DATA FOR ANALYSIS:
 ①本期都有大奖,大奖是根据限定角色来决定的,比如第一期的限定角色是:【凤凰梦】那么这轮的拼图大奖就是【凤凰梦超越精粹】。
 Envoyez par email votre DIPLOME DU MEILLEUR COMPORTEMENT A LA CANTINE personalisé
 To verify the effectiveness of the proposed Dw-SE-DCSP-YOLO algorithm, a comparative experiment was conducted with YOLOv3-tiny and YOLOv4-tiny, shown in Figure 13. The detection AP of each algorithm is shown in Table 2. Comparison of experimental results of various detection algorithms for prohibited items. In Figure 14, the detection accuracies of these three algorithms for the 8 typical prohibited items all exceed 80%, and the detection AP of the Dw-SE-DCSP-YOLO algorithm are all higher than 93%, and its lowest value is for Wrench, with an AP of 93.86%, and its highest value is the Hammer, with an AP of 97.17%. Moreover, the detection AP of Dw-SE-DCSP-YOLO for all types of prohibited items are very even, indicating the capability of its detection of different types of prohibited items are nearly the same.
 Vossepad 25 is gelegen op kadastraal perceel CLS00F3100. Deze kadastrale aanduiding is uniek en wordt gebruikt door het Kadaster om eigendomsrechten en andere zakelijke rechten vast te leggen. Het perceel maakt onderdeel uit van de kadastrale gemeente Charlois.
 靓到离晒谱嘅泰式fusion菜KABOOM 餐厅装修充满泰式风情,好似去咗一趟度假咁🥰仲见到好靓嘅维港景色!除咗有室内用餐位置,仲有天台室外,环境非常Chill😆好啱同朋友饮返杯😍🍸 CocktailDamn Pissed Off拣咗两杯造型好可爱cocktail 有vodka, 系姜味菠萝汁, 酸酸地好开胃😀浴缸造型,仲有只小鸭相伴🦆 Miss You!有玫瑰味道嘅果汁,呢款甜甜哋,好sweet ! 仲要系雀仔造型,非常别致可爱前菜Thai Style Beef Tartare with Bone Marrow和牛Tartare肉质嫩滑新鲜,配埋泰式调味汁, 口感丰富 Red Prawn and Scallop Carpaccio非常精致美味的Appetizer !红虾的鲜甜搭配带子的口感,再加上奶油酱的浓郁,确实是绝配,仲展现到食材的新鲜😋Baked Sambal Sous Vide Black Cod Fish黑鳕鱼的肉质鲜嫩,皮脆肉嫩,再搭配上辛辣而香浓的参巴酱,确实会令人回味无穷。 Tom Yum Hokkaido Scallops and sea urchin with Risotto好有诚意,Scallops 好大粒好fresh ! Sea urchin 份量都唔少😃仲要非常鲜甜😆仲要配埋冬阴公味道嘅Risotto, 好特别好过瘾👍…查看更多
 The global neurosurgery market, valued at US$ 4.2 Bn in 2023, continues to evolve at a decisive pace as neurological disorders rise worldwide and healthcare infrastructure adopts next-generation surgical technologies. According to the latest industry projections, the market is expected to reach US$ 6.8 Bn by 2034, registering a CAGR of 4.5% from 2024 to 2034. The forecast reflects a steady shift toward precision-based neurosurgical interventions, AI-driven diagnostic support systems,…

TASK:
Your task is to transcribe each record faithfully and in full.

ANSWER TO THIS EXERCISE:
 ①本期都有大奖,大奖是根据限定角色来决定的,比如第一期的限定角色是:【凤凰梦】那么这轮的拼图大奖就是【凤凰梦超越精粹】。
 Envoyez par email votre DIPLOME DU MEILLEUR COMPORTEMENT A LA CANTINE personalisé
 To verify the effectiveness of the proposed Dw-SE-DCSP-YOLO algorithm, a comparative experiment was conducted with YOLOv3-tiny and YOLOv4-tiny, shown in Figure 13. The detection AP of each algorithm is shown in Table 2. Comparison of experimental results of various detection algorithms for prohibited items. In Figure 14, the detection accuracies of these three algorithms for the 8 typical prohibited items all exceed 80%, and the detection AP of the Dw-SE-DCSP-YOLO algorithm are all higher than 93%, and its lowest value is for Wrench, with an AP of 93.86%, and its highest value is the Hammer, with an AP of 97.17%. Moreover, the detection AP of Dw-SE-DCSP-YOLO for all types of prohibited items are very even, indicating the capability of its detection of different types of prohibited items are nearly the same.
 Vossepad 25 is gelegen op kadastraal perceel CLS00F3100. Deze kadastrale aanduiding is uniek en wordt gebruikt door het Kadaster om eigendomsrechten en andere zakelijke rechten vast te leggen. Het perceel maakt onderdeel uit van de kadastrale gemeente Charlois.
 靓到离晒谱嘅泰式fusion菜KABOOM 餐厅装修充满泰式风情,好似去咗一趟度假咁🥰仲见到好靓嘅维港景色!除咗有室内用餐位置,仲有天台室外,环境非常Chill😆好啱同朋友饮返杯😍🍸 CocktailDamn Pissed Off拣咗两杯造型好可爱cocktail 有vodka, 系姜味菠萝汁, 酸酸地好开胃😀浴缸造型,仲有只小鸭相伴🦆 Miss You!有玫瑰味道嘅果汁,呢款甜甜哋,好sweet ! 仲要系雀仔造型,非常别致可爱前菜Thai Style Beef Tartare with Bone Marrow和牛Tartare肉质嫩滑新鲜,配埋泰式调味汁, 口感丰富 Red Prawn and Scallop Carpaccio非常精致美味的Appetizer !红虾的鲜甜搭配带子的口感,再加上奶油酱的浓郁,确实是绝配,仲展现到食材的新鲜😋Baked Sambal Sous Vide Black Cod Fish黑鳕鱼的肉质鲜嫩,皮脆肉嫩,再搭配上辛辣而香浓的参巴酱,确实会令人回味无穷。 Tom Yum Hokkaido Scallops and sea urchin with Risotto好有诚意,Scallops 好大粒好fresh ! Sea urchin 份量都唔少😃仲要非常鲜甜😆仲要配埋冬阴公味道嘅Risotto, 好特别好过瘾👍…查看更多
 The global neurosurgery market, valued at US$ 4.2 Bn in 2023, continues to evolve at a decisive pace as neurological disorders rise worldwide and healthcare infrastructure adopts next-generation surgical technologies. According to the latest industry projections, the market is expected to reach US$ 6.8 Bn by 2034, registering a CAGR of 4.5% from 2024 to 2034. The forecast reflects a steady shift toward precision-based neurosurgical interventions, AI-driven diagnostic support systems,…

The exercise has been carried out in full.